Nelle dichiarazioni finali i sen. Durnwalder (Aut), Enrico Borghi (IV), Michaela Biancofiore (Cd'I), Paroli (FI-BP), Nicoletta Spelgatti (LSP) e Antonella Zedda (FdI) hanno annunciato un voto favorevole: Aut ha sostenuto la riforma come necessario adeguamento dell'autonomia e richiamato il principio di responsabilità locale e unità nella diversità; IV ha elogiato l'autonomia del Trentino-Alto Adige come modello storico e internazionale, apprezzando la cooperazione tra Governi per ridurre contenziosi; Cd'I ha celebrato il centrodestra come garante dell'autonomia, risolvendo conflitti interistituzionali del passato; FI-BP ha apprezzato modernizzazione istituzionale, definizione delle competenze e riduzione dei contenziosi; LSP ha richiamato in particolare le competenze trasferite alle Province autonome e la tutela ambientale, urbanistica e idroelettrica; FdI ha valutato positivamente l'attenzione del Governo alle specificità locali e la ridefinizione delle competenze tra Stato e Province autonome. Pur riconoscendo alcuni meriti del provvedimento, i sen. De Cristofaro (AVS), Cataldi (M5S) e Giorgis (PD) hanno dichiarato l'astensione, contestando in particolare il rafforzamento degli organi esecutivi a scapito dei consigli eletti e la riduzione della partecipazione democratica. In dissenso dal Gruppo, la sen. Sironi (M5S) ha dichiarato voto contrario: attribuire alle Province competenze su ambiente e fauna selvatica contrasta con l'articolo 9 della Costituzione, che considera l'ambiente patrimonio comune dello Stato.

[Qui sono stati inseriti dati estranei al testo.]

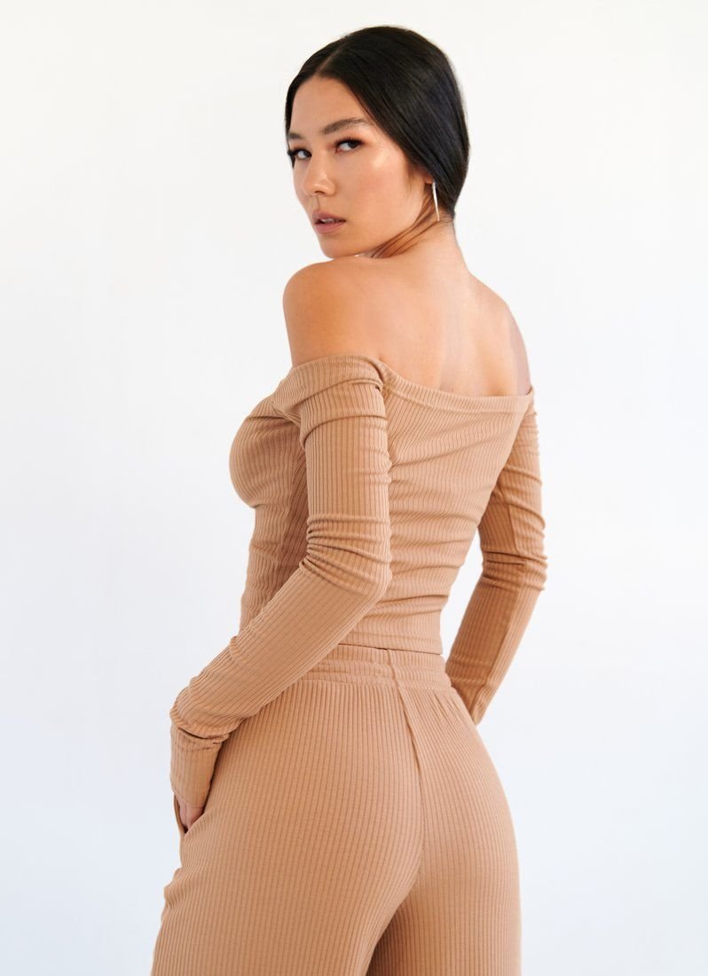Beige knitted suit with a top and trousers. In this model, the top will become the accent of the image due to the open shoulder line and drapery along the center of the product. Wide trousers with an elastic insert in the waistband will be as comfortable as possible for you.

In apertura di seduta l'Assemblea ha commemorato Roland Riz, giurista e figura chiave dell'autonomia altoatesina, protagonista della politica italiana e sudtirolese del Dopoguerra. Hanno espresso cordoglio i sen. Durnwalder (Aut), Enrico Borghi (IV), Michaela Biancofiore (Cd'I), Zanettin (PD), Tatjana Rojc (PD) e Malan (FdI).

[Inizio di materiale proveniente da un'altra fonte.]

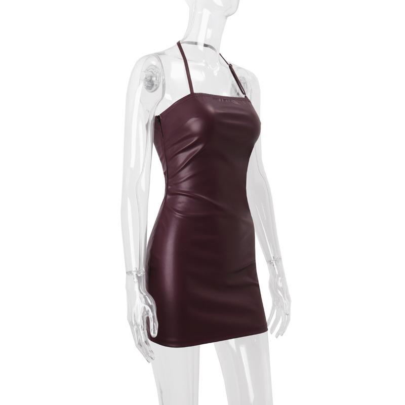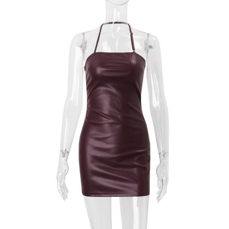 Женские весенние сексуальные винтажные однотонные облегающие мини-платья с запахом и воротничком из кожи

È stato altresì ricordato Cesare Cursi, deputato e senatore, che ha incarnato saggezza, moderazione e rettitudine, guadagnandosi stima e rispetto trasversale in tutta la politica italiana. Sono intervenuti i sen. Gasparri (FI-BP), Losacco (PD), Lavinia Mennuni (FdI) e Garavaglia (LSP).

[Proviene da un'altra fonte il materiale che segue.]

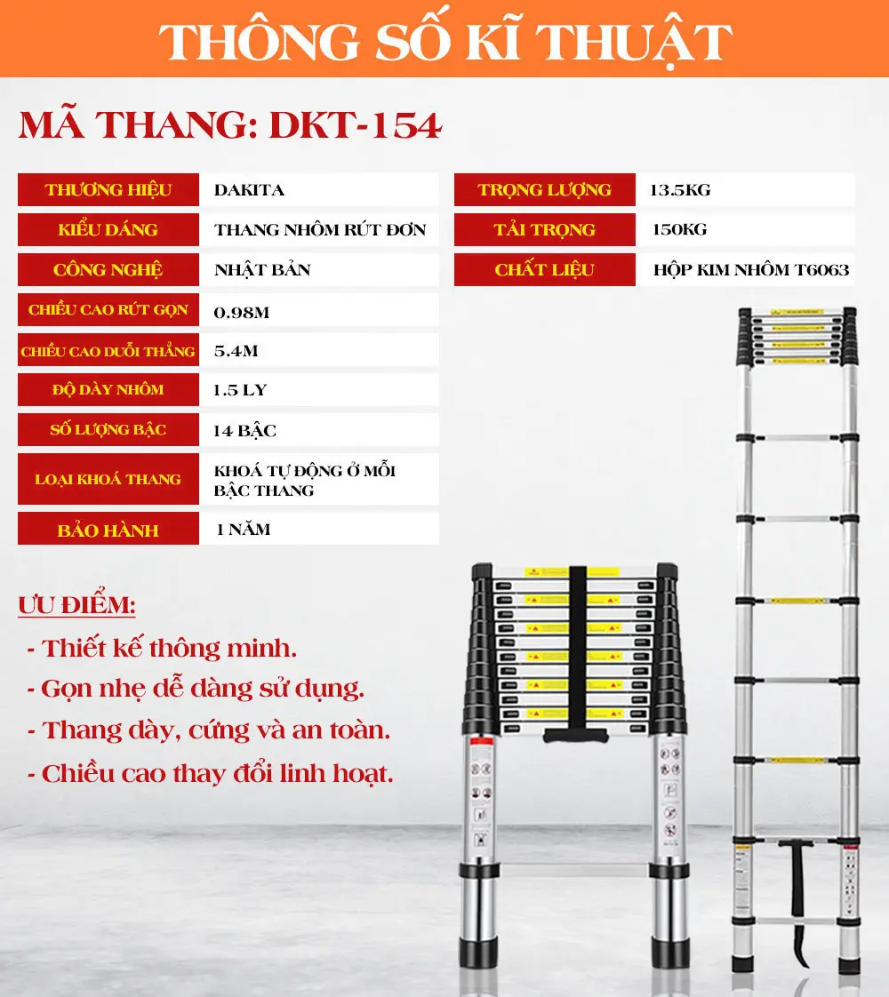THANG NHÔM RÚT GỌN DAKITA DKT-154 CHÍNH HÃNG – THANG TỐT – GỌN – NHẸ – XÀI BỀN.

Nel corso della seduta, i sen. Patuanelli (M5S), Boccia (PD), Raffaella Paita (IV) e De Cristofaro (AVS) hanno sollecitato la presenza in Aula della Presidente del Consiglio, in riferimento alle recenti dichiarazioni di Trump, chiedendo un dibattito parlamentare chiaro sulla linea dell'Italia e sull'autonomia strategica europea.